Q: Where in London can I get real bone from a hip and a jaw? Animal or human?
82ASK: Smithfield Market is your best place to pick up stray bones as it its home to many fine old-fashioned butchers.

Q: How many badgers would it take to support the Empire State building?
82ASK: Emp. St. Bdg. is 365,000 tons. Weight of adult euro (not usa) badger av. 11 kg. So according to Newton’s third law you would need 30,102,040 badgers.

Q: How many Lego blocks would it take to make a life sized Everest?
Modelling Mount Everest as a cone, approx volume is 2500 cubic kilometres. Lego brick, approx volume 5cm3. 5x10e+17 (500,000 quadrillion) Lego bricks.

5. Do you have any additional services coming soon? What sort of innovations do you see on the horizon for your customers?
Yes, some really cool things are in the pipeline. We are lucky in that respect as we are able to understand what products and service our customers would like by analysing their responses to answers we give out. So we work on developing additional services that we know 82askers want.

6. List the UK mobile operators and your experiences and views of them.
I think all of the operators have an interesting time ahead of them ensuring they can maintain their hold in the industry.

Vodafone:  Feedback from our users are that Vodafone is still charging its customers too much for roaming abroad. Our service can be accessed from a UK handset from anywhere in the world, and whilst our charge to the customer is always the same, high roaming tariffs with inflated SMS prices act as a potential barrier for growth across the industry.

O2: O2 are very good at doing the glossy, sexy stuff like their recent Streetmap integration. They really are trying to position themselves to be at the forefront of user experience – particularly with global positioning technology and rich media downloading to handsets. Having said this, there have been major issue with the 3G content being overpriced and substandard in quality. What also lets O2 down is its inconsistent levels of customer service, which although is cross-network issue, is something that 02 is regularly criticised for. Networks need to get the user-experience / customer service balance right if they want their customers to experiment with new product and service offerings.

Orange: The best advantages of the Orange World Access packs are the reduced out-of-bundle rates for data access. Orange’s smartphone series with integrated Windows Mobile 5.0, shows that it is a serious contender within the business usage space, competing against the corporate services heavyweights like Blackberry. I was on an Orange contract for many years, and never had any major issues with service. I think Orange’s pay-as-you-go packages are still one of the more competitive deals offered by a major network.

3: Have come back fighting from a relatively negative brand perception a few years ago, to become a leading voice on rich-media mobile content. 3 continues to be both innovative and different.
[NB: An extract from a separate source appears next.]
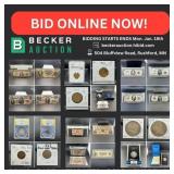 Auction Location: 504 Bluffview Road, Rushford, MN 55971 1 Starts Closing Monday, January 19th @ 7 P.m. Starts Closing Monday, January 19th @ 7 P.m.a Credit/debit Card Will Be Required To Bid. We Will Not Charge Your Card If Your Winning Items Are Picked Up Within The Pick-up Dates Or Other Arrangements Are Made. If You Have Items That Have Been Here F... 1 Inspection Dates: By Appointment. You Are Encourag Inspection Dates: By Appointment. You are encouraged to join our inspection days. NO REFUNDS OR RETURNS on items. It's the buyer's responsibility to check item(s) for completeness, condition, and working condition. Please understand these terms or do 1 Pick-up, Tuesday, January 20th: 9 A.m.-5 P.m. Onl Pick-Up, Tuesday, January 20th: 9 a.m.-5 p.m. Only! Location: 504 Bluffview Drive, Rushford, MN 55971 1 Payment: Cash, Credit/debit Card Or Good Check (wi Payment: Cash, Credit/Debit Card or Good Check (with a positive I.D.) payable to Becker Auction paid on pick up day before removing merchandise. Premium: 15% Buyer Fee added to your items unless otherwise stated. 5% discount on cash and check purchas 1 Shipping Available. Heavy & Bulky Items Can Get Ex Shipping Available. Heavy & Bulky Items Can Get Expensive! Please Keep This In Mind While Bidding! Local Pick-up Preferred 1 Auction Location: 504 Bluffview Road, Rushford, Mn Auction Location: 504 Bluffview Road, Rushford, Mn 55971 1 Please Watch Your Quantities - Make Sure You Know PLEASE watch your quantities - make sure you know if it is TIMES the money or if you are bidding on ONE lot 1 Login Issues- Call 844.775.4774 Login Issues- Call 844.775.4774 370 Rare 1875-s/s Twenty Cent Silver Piece, Anacs Au50 Rare 1875-s/s Twenty Cent Silver Piece, Anacs Au50. Rotated Die. Fs-2302, Mpd-001. 370 1875-s Silver Twenty Cent Piece 1875-S Silver Twenty Cent Piece 370 1834-cc Capped Bust Silver Quarter 1834-cc Capped Bust Silver Quarter 370 1876-cc Seated Liberty Silver Quarter, Holed, Key 1876-cc Seated Liberty Silver Quarter, Holed, Key 370 1877-cc Seated Liberty Silver Quarter 1877-cc Seated Liberty Silver Quarter 370 1818 Capped Bust Silver Quarter 1818 Capped Bust Silver Quarter 370 1830 Love Token Capped Bust Dime 1830 Love Token Capped Bust Dime 371 1864 Indian Head Cent, Key Date. 1864 Indian Head Cent, key date. 372 1871 Indian Head Cent, Key Date, Higher Grade, Ful 1871 Indian Head Cent, key date, higher grade, full Liberty, strong detail. 373 1877 Indian Head Cent, Key Date, Anacs Good Detail 1877 Indian Head Cent, key date, ANACS Good Details. 374 1878-cc Morgan Silver Dollar. 1878-CC Morgan Silver Dollar. 375 1879-cc Morgan Silver Dollar. 1879-cc Morgan Silver Dollar. 376 1890-cc Morgan Silver Dollar. 1890-CC Morgan Silver Dollar. 377 1882-cc Gsa Morgan Silver Dollar, No Box Or Paperw 1882-CC GSA Morgan Silver Dollar, no box or paperwork. 378 1882-cc Gsa Morgan Silver Dollar, No Box Or Paperw 1882-CC GSA Morgan Silver Dollar, no box or paperwork. 379 1883-cc Gsa Morgan Silver Dollar, Ngc Ms63., No Pa 1883-CC GSA Morgan Silver Dollar, NGC MS63., no paperwork or box 380 1883-cc Gsa Morgan Silver Dollar, No Box Or Paperw 1883-CC GSA Morgan Silver Dollar, no box or paperwork. 381 1884-cc Gsa Morgan Silver Dollar, No Box Or Paperw 1884-CC GSA Morgan Silver Dollar, no box or paperwork. 382 1883-cc Gsa Morgan Silver Dollar, No Box Or Paperw 1883-CC GSA Morgan Silver Dollar, no box or paperwork. 383 1884-cc Gsa Morgan Silver Dollar, No Box Or Paperw 1884-CC GSA Morgan Silver Dollar, no box or paperwork. 384 1884-cc Gsa Morgan Silver Dollar, No Box Or Paperw 1884-CC GSA Morgan Silver Dollar, no box or paperwork. 385 1884-cc Gsa Morgan Silver Dollar, With Box And Pap 1884-cc Gsa Morgan Silver Dollar, With Box And Paperwork. 385 1899 Morgan Silver Dollar, Only 330,000 Minted 1899 Morgan Silver Dollar, Only 330,000 Minted 386 1895-o Pcgs Xf45 Morgan Silver Dollar, 450k Minted 1895-o Pcgs Xf45 Morgan Silver Dollar, Only 450k Minted, Key Date 387 1895-s Pcgs Vf30 Morgan Silver Dollar, 400k Minted 1895-s Pcgs Vf30 Morgan Silver Dollar, Only 400k Minted, Key Date, Pcgs Gold Sheild 388 1966-a $100 Red Seal United States Note. Serial Nu 1966-A $100 Red Seal United States Note. Serial number A00867078A. 389 1928 $1 Red Seal United States Note, Puerto Rico I 1928 $1 Red Seal United States Note, Puerto Rico Issue. Serial Number A01741547a. 390 (2) Consecutive 1864 $10 Confederate States Of Ame (2) Consecutive 1864 $10 Confederate States of America Notes, Choice UNC 63 EPQ. 391 1863 50-cent Confederate States Of America Note, C 1863 50-cent Confederate States Of America Note, Choice Unc 63. 391 1864 50 Cent Confederate States Of America Note 1864 50 Cent Confederate States Of America Note Currency. T-72. Serial Number: 94750. Plate: E. Very Choice New 64. 392 Rare 1864 $100 Confederate States Of America Note, Rare 1864 $100 Confederate States Of America Note, Richmond Issue. 393 1917 $1 Horse Blanket Red Seal Legal Tender Note. 1917 $1 Horse Blanket Red Seal Legal Tender Note. Serial Number A76500973a 394 1899 $1 Black Eagle Silver Certificate. Serial Num 1899 $1 Black Eagle Silver Certificate. Serial number T67341133A. 395 1917 $2 Legal Tender Bracelet Back Large Note. Ser 1917 $2 Legal Tender Bracelet Back Large Note. Serial number O53145997A. 396 1914 $1 Green Eagle National Currency Note, Philad 1914 $1 Green Eagle National Currency Note, Philadelphia. 397 (5) 1935 $1 Silver Certificates, No Motto. (5) 1935 $1 Silver Certificates, No Motto. 398 1935 $1 Silver Certificate Star Note, No Motto, Cr 1935 $1 Silver Certificate Star Note, No Motto, crisp. 399 1934-a $10 Hawaii Note. Silver Certificate 1934-A $10 Hawaii Note. Silver Certificate 400 1899 $5 Silver Certificate � Indian Chief Note 1899 $5 Silver Certificate � Indian Chief. Note Fr-281. Spielman / White Signatures. Serial Number: N69932302. Plate Number: F149 / 72. Pcgs Fine 12 Graded. 401 1886 $1 Silver Certificate � Martha Washington. Un 1886 $1 Silver Certificate � Martha Washington.

T-mobile: The relatively new web ‘n walk tariff shows that T-mobile are serious about bringing a breath of much needed fresh air to the data charging debate that surrounds the UK and European mobile industry. So far, consumer resistance towards mobile web has been mainly price-related. Hopefully by bringing out more pioneering pricing packages that address the question of data tariffs, T-Mobile will start prizing open the mobile-web consumer gateway for other networks to follow suit.

7. What websites and blogs do you regularly read?

http://www.smstextnews.com/   
http://news.bbc.co.uk/1/hi/technology/default.stm 
http://www.mobhappy.com/
http://mobilemediabusiness.blogspot.com/
http://battellemedia.com/
http://blog.searchenginewatch.com/blog/

8. a) What’s the most innovative newest mobile service or application you’ve come across in the last month?

8. b) What mobile service/application do you recommend we should try out?

 

9. List four people in the mobile industry you really rate – why?

Tricky one – there are so many!

Mike Short, 02
I think Mike Short is great and really works to develop and grow the industry. He is a champion of ‘Mobile User Experience’ which is an issue particularly close to my heart – and one that urgently needs to be addressed by the industry.

Ben Wood – Analyst at CCS
What Ben doesn’t know about the future of the mobile sector, frankly isn’t worth knowing. He has more than 12 years experience in the mobile sector, providing thought leadership on SMS, 3G, mobile data. What makes Ben stand out from the crowd is his real understanding on what makes mobile users actually want from their handsets. He is probably the most cited mobile analyst, with regular comments appearing in the FT, Wall Street Journal and Business Week, and broadcast appearances on business programmes for the BBC, CNBC and CNN.

Mark Bole, ShoZu
Mark is a smooth operator. He has successfully grown the ShoZu brand from its Cognima heritage, winning countless international awards in less than a year. Mark is a good example of what the mobile industry could be capable of, if it threw out conventional thinking and focused on what users really want. His blog is always insightful and well informed.

Ari Virtanen, Nokia Multimedia
I saw a presentation that Ari gave in Helsinki a couple of months ago titled ‘Convergence in Mobile Internet Communications” and was completely blown away with his passion and vision he has for mobile technology. Ari’s conviction that mobile phones are inherently changing the way that society interacts and functions totally lends itself to our philosophy at 82ASK.  Handsets are much more than voice communications devices and have been for some time now. Services like 82ASK can turn any mobile phone into a back-pocket concierge assistant.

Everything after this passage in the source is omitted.